Visualization of G-Quadruplexes, i-Motifs and Their Associates

Abstract

The non-canonical structures formed by G- or C-rich DNA regions, such as quadruplexes and i-motifs, as well as their associates, have recently been attracting increasing attention both because of the arguments in favor of their existence in vivo and their potential application in nanobiotechnology. When studying the structure and properties of non-canonical forms of DNA, as well as when controlling the artificially created architectures based on them, visualization plays an important role.
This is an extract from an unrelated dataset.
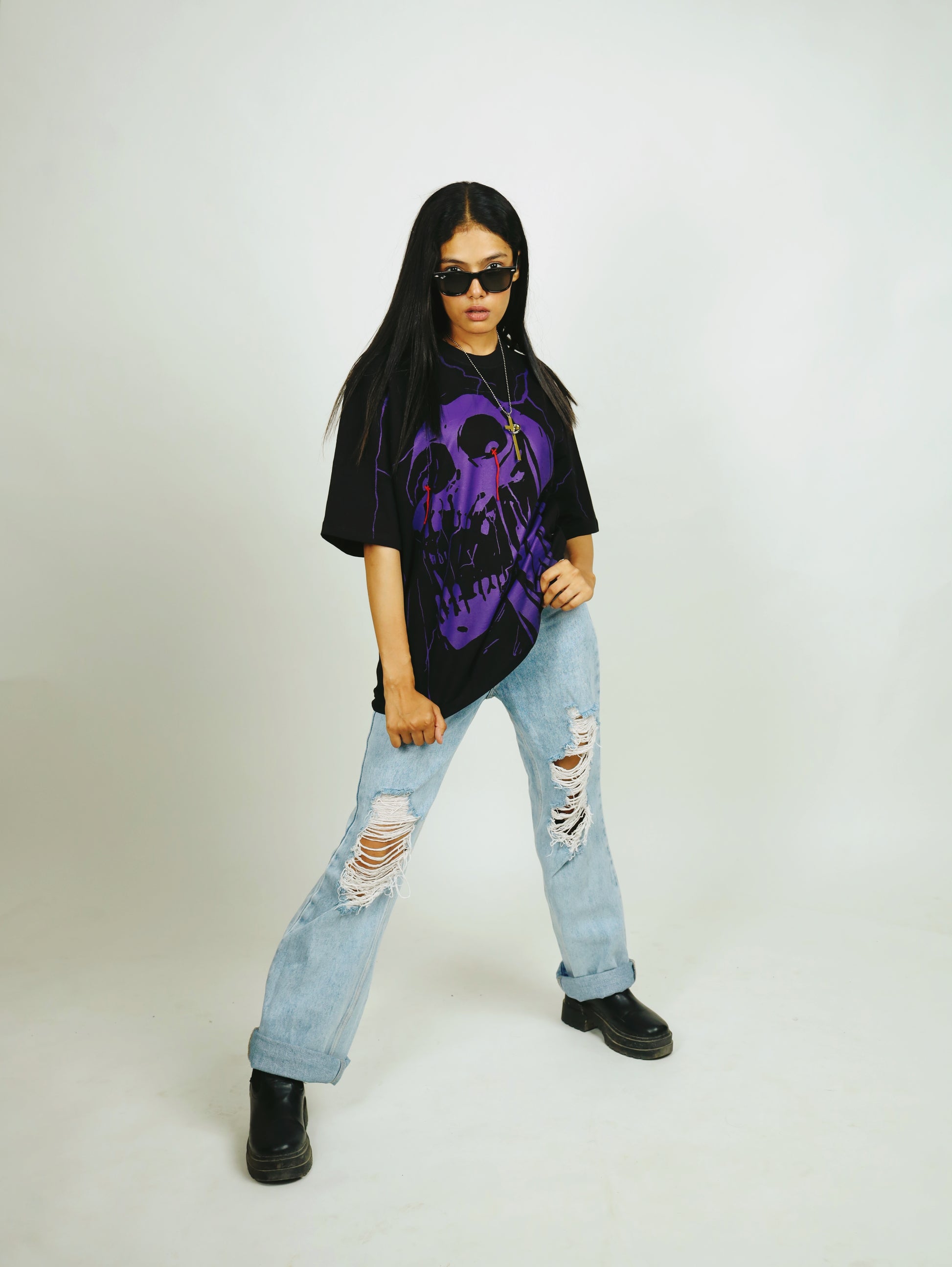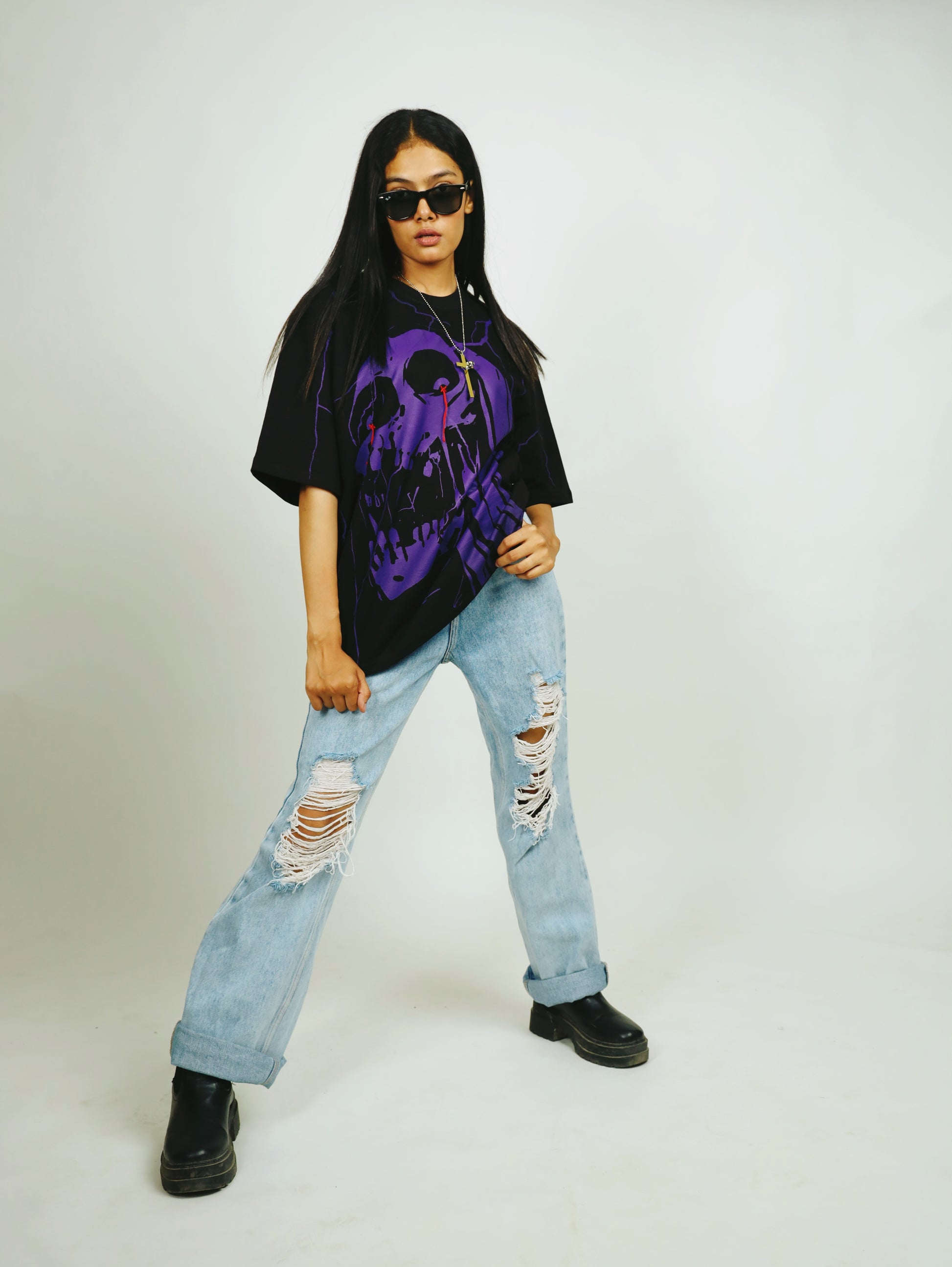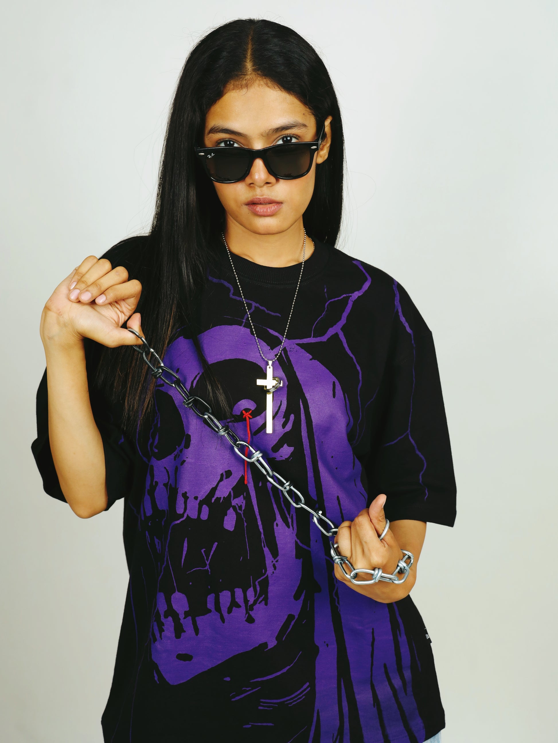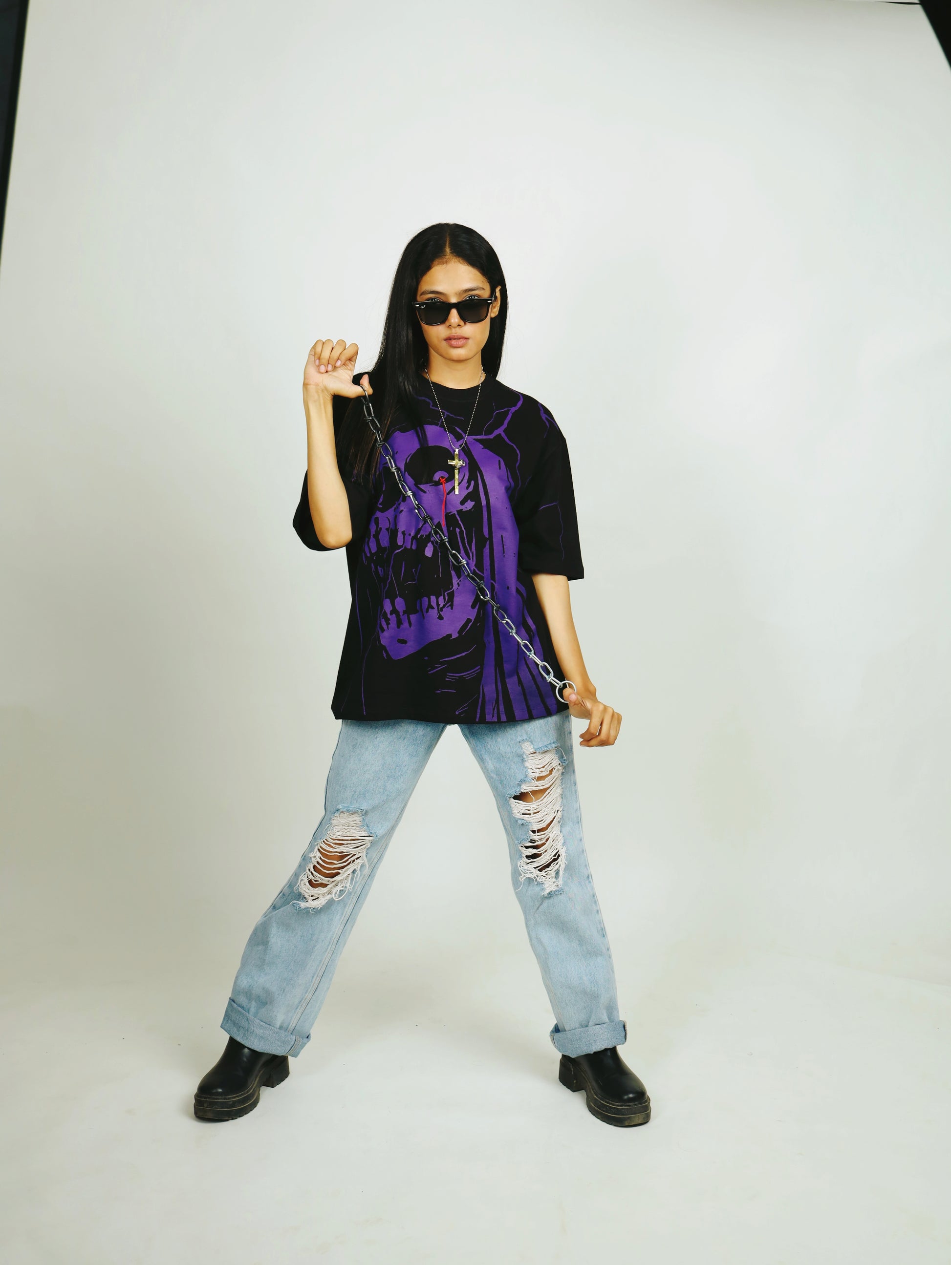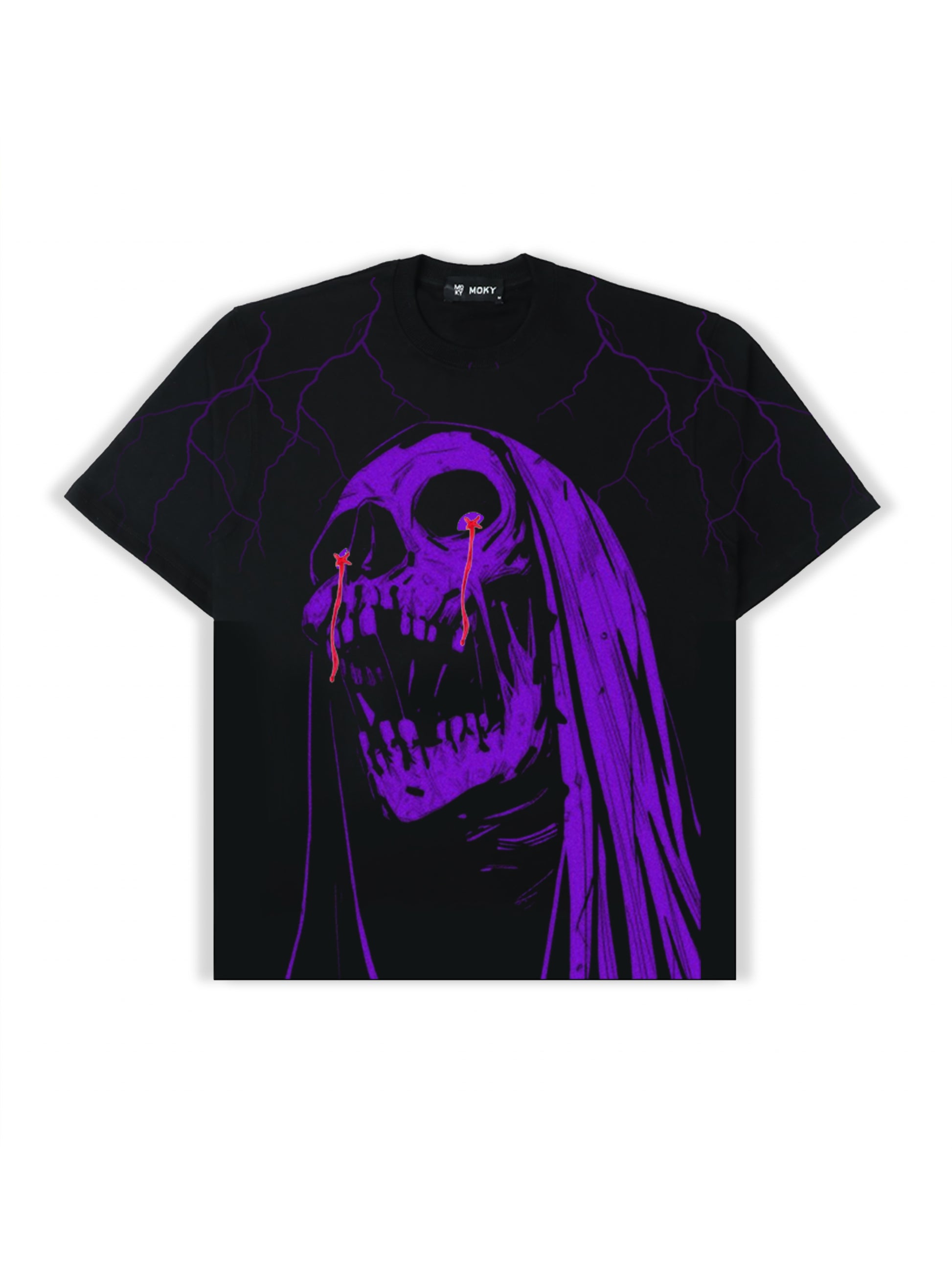 - Main Design: At the center of the T-shirt, a menacing skeleton stands tall, caught in the midst of a fierce storm. The skeleton, detailed with intricate bone structures and hollow eyes, appears to be almost dancing with the wind, giving it an eerie, dynamic presence.

This review analyzes the methods used to visualize quadruplexes, i-motifs, and their associates with high spatial resolution: fluorescence microscopy, transmission electron microscopy (TEM), and atomic force microscopy (AFM). The key approaches to preparing specimens for the visualization of this type of structures are presented. Examples of visualization of non-canonical DNA structures having various morphologies, such as G-wires, G-loops, as well as individual quadruplexes, i-motifs and their associates, are considered. The potential for using AFM for visualizing non-canonical DNA structures is demonstrated.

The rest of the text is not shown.